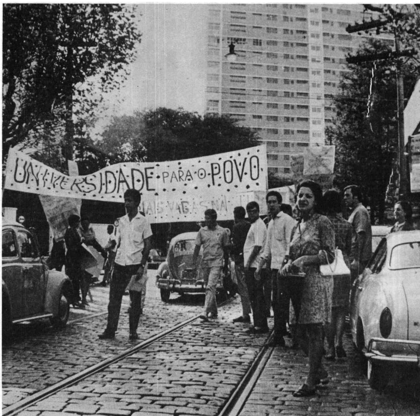
Os estudantes, com o apoio da população, resistiram à Reforma de 1968.
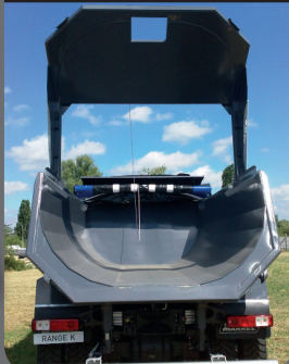
Caisse acier HB500

Caisse à facettes acier THLE HB500 réalisée en une seule soudure longitudinale

────────

◆ Activity
The answer should match the data above word for word, with no pictures in it.

◆ Response area
Os estudantes, com o apoio da população, resistiram à Reforma de 1968.
Caisse acier HB500

Caisse à facettes acier THLE HB500 réalisée en une seule soudure longitudinale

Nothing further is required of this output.